When this has the value "link" (default) the linear predictor (possibly with associated standard errors) is returned. When type="terms" each component of the linear predictor is returned seperately (possibly with standard errors): this includes parametric model components, followed by each smooth component, but excludes any offset and any intercept. type="iterms" is the same, except that any standard errors returned for unconstrained smooth components will include the uncertainty about the intercept/overall mean. When type="response" predictions on the scale of the response are returned (possibly with approximate standard errors). When type="lpmatrix" then a matrix is returned which yields the values of the linear predictor (minus any offset) when postmultiplied by the parameter vector (in this case se.fit is ignored). The latter option is most useful for getting variance estimates for quantities derived from the model: for example integrated quantities, or derivatives of smooths. A linear predictor matrix can also be used to implement approximate prediction outside R (see example code, below).

se.fit

when this is TRUE (not default) standard error estimates are returned for each prediction.

terms

if type=="terms" then only results for the terms given in this array will be returned.

exclude

if type=="terms" or type="iterms" then terms (smooth or parametric) named in this array will not be returned. Otherwise any smooth terms named in this array will be set to zero. If NULL then no terms are excluded.

block.size

maximum number of predictions to process per call to underlying code: larger is quicker, but more memory intensive. Set to < 1 to use total number of predictions as this.

newdata.guaranteed

Set to TRUE to turn off all checking of newdata except for sanity of factor levels: this can speed things up for large prediction tasks, but newdata must be complete, with no NA values for predictors required in the model.

na.action

what to do about NA values in newdata. With the default na.pass, any row of newdata containing NA values for required predictors, gives rise to NA predictions (even if the term concerned has no NA predictors). na.exclude or na.omit result in the dropping of newdata rows, if they contain any NA values for required predictors. If newdata is missing then NA handling is determined from object$na.action.

...

other arguments.

Author

Natalya Pya <nat.pya@gmail.com> based partly on mgcv by Simon Wood

Details

See predict.gam for details.

References

Chambers and Hastie (1993) Statistical Models in S. Chapman & Hall.

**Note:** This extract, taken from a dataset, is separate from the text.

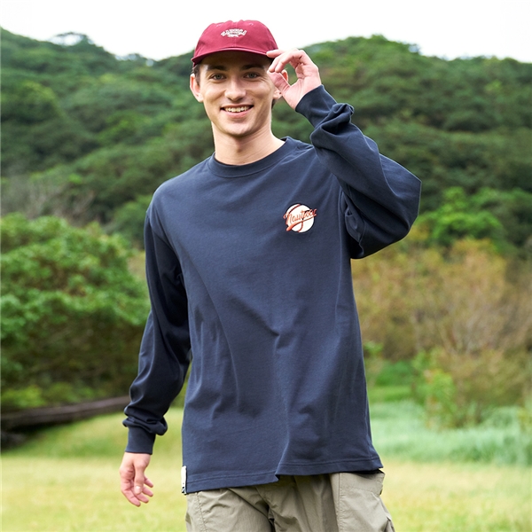 (REEBOK聯名款)美式復古棒球刺繡純棉長袖T恤-藍色

Wood S.N. (2006) Generalized Additive Models: An Introduction with R. Chapman and Hall/CRC Press.

Pya, N. and Wood, S.N. (2015) Shape constrained additive models. Statistics and Computing, 25(3), 543-559

Pya, N. (2010) Additive models with shape constraints. PhD thesis. University of Bath. Department of Mathematical Sciences

See Also

scam, plot.scam

Examples

Run this code
if (FALSE) {
library(scam)
set.seed(2)
n <- 200
x1 <- runif(n)*6-3
f1 <- 3*exp(-x1^2) # unconstrained term
x2 <- runif(n)*4-1;
f2 <- exp(4*x2)/(1+exp(4*x2)) # monotone increasing smooth
f <- f1+f2
y <- f+rnorm(n)*0.2
dat <- data.frame(x1=x1,x2=x2,y=y)
b <- scam(y~s(x1,k=15,bs="cr")+s(x2,k=30,bs="mpi"),data=dat)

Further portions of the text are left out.